(Charles McNulty’s article appeared in the Los Angeles Times, 8/19; “Hamilton’s” Javier Muñoz, shown in 2016, had a thoughtful response to a performer’s Instagram post concerning vaccination. (Walter McBride/Getty Images)
Broadway performer Laura Osnes’ exit from a one-night concert performance at East Hampton’s Guild Hall over a COVID-19 vaccine requirement has provoked an uproar in the theater world. Vaccination advocates and resisters have been thrashing it out on social media, echoing the conflict between personal autonomy and collective responsibility that has been playing out across America since the start of the pandemic.

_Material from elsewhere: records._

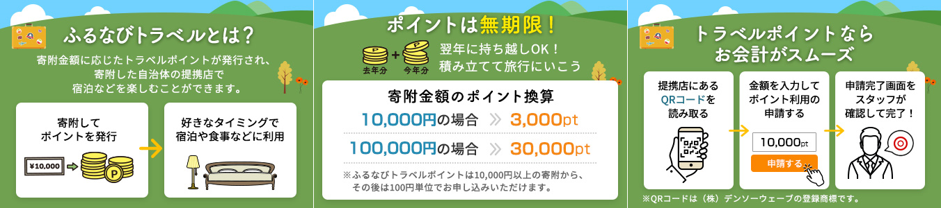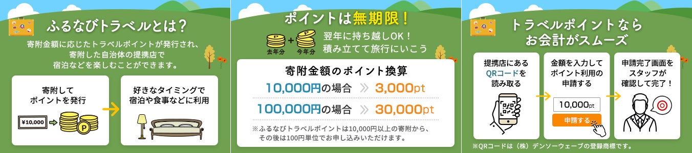 「ふるなびトラベル」は、ふるさと納税先にある提携店(ホテル・飲食店など)で無期限にご利用可能な電子ポイント(ふるなびトラベルポイント)を、返礼品として受け取れるサービスです。ふるなびトラベルポイントは、寄附後に即時アカウントに付与されます。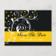Carton de mariage élégant à motif floral en feuille enroulée noire, jaune, avec des feuilles enroulées blanches, des volutes, des boucles et des points jaunes sur fond noir. Il y a une bande jaune avec votre texte en bas. Ce design élégant et chic fait partie d'un ensemble de mariage parfait pour un mariage d'hiver. Il s'agit d'un modèle entièrement personnalisable.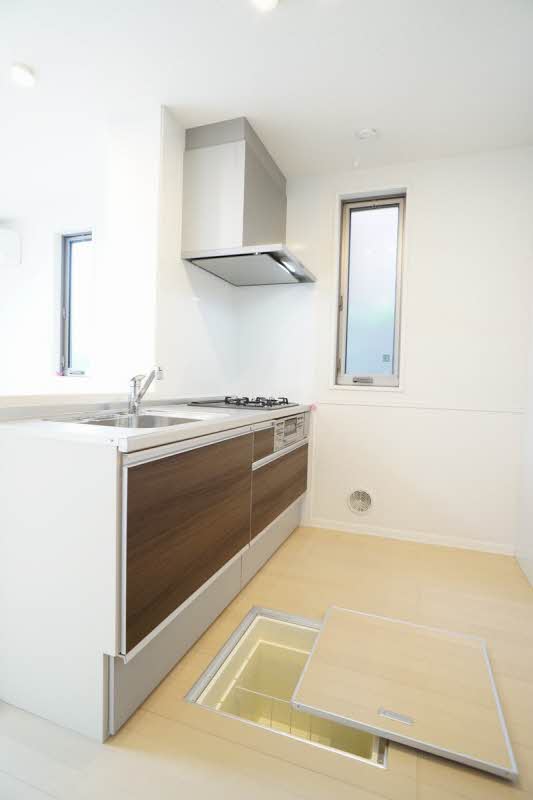 システムキッチンになっており、床下収納がございますので収納スペースが多いです!さらにカウンターキッチンになっていますので解放感抜群です!!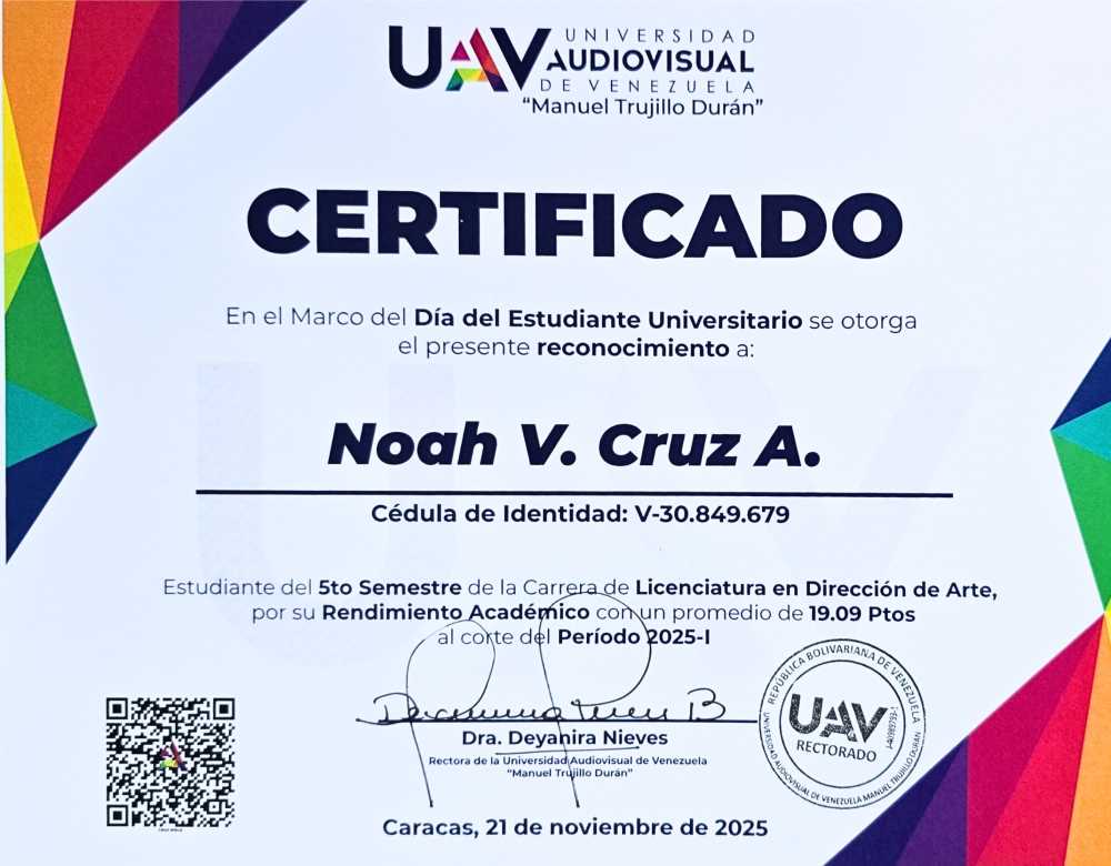 CRUZ AYALA NOAH VALENTINA, C.I.: 30849679, carrera: LICENCIATURA EN DIRECCIÓN DE ARTE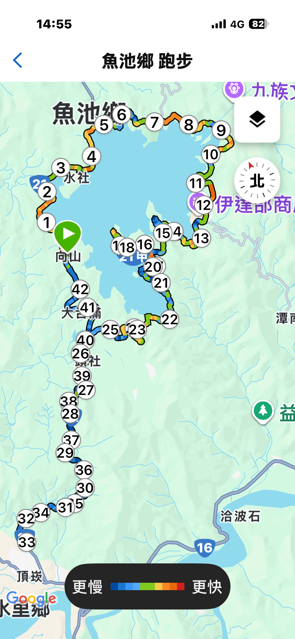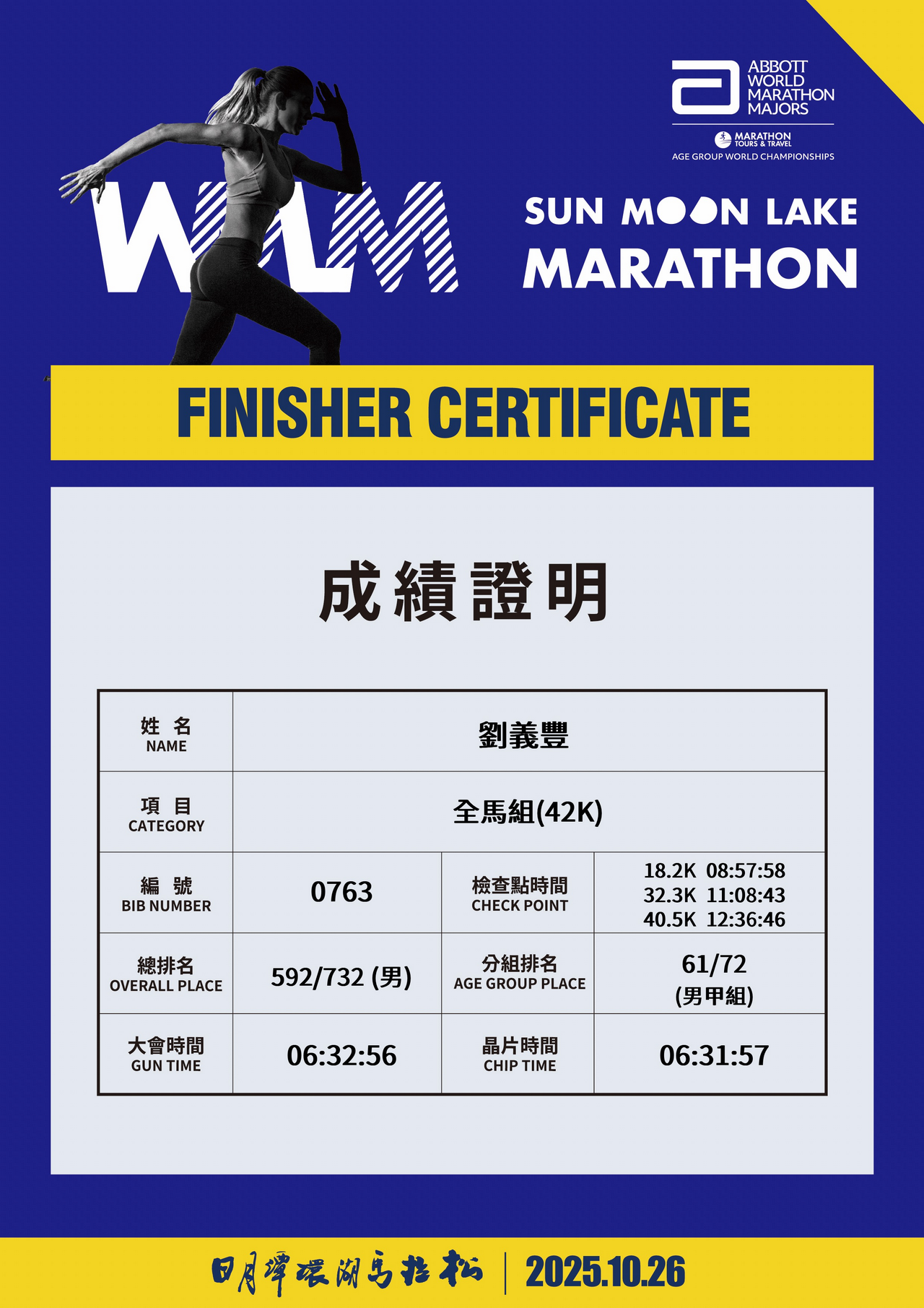 今天參加路跑的人看起來非常多,大會說有六千人。在會場參賽人的號碼牌以紅色的佔大多數,那是參加29K環湖的超半馬,看來這個項目比較受歡迎。參加42K的人數明顯偏少,只有732人報名。今天的天氣上午是多雲,近中午時太陽露臉,此時氣溫略高。賽道的東側都有樹木遮蔭,會曬到太陽的路程並不多。整體賽程跑下來,如原先所知,在折返點後的陡坡路段,大部分只能步行。為了能在中午13點前返回終點,偶爾還是要小跑步,只是能力不足,多了近兩分鐘,才抵達終點。還好,有完成全部賽程。

In a nation as divided as ours, it’s only natural that policy is vigorously debated. But our polarization has reached a lethal form of decadence when governors, to score political points, are blocking mask requirements in their school systems and the misinformed and rationally unreachable defend their decision to remain unvaccinated even as ICU units reach capacity in their hometowns.
The writer Isaac Asimov, decrying “the cult of ignorance in the United States” in a 1980 column for Newsweek, identified a “strain of anti-intellectualism” running through our politics and culture that’s “nurtured by the false notion that democracy means that ‘my ignorance is just as good as your knowledge.’” This strain has been especially virulent during this pandemic, when even in the face of a common mortal coronavirus enemy, our citizenry has fallen back into the usual partisan camps or taken refuge in an American individualism that isn’t so much rugged as selfish and stupid.

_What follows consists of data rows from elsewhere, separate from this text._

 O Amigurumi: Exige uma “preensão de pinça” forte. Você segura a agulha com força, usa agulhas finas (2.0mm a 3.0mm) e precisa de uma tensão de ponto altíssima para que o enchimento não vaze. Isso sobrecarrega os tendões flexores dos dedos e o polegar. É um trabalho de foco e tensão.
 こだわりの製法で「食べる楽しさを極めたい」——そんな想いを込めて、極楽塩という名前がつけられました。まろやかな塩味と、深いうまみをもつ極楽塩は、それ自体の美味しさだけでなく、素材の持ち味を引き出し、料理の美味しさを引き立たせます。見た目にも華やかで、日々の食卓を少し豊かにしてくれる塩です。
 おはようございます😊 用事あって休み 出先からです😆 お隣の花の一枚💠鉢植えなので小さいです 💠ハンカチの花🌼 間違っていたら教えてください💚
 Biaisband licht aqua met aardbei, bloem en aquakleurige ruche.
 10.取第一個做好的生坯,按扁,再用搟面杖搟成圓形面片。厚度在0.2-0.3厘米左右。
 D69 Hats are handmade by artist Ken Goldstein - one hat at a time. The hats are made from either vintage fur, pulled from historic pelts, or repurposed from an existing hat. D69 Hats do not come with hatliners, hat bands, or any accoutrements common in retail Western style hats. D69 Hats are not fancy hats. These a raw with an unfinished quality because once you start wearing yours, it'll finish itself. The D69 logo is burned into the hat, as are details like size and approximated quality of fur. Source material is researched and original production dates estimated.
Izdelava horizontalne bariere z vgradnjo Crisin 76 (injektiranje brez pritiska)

I don’t know about you but I don’t have the energy for a listening session with actors who want to explain, through fuzzy math and fuzzier logic, how they decided that it was the better choice for them to put their collaborators at risk than get a shot that has saved countless thousand lives. Delta has taken over, and the fall theater season is hanging by a thread. Or more accurately, it’s relying on the incomplete bulwark of vaccinations to allow us to move forward with some semblance of normality.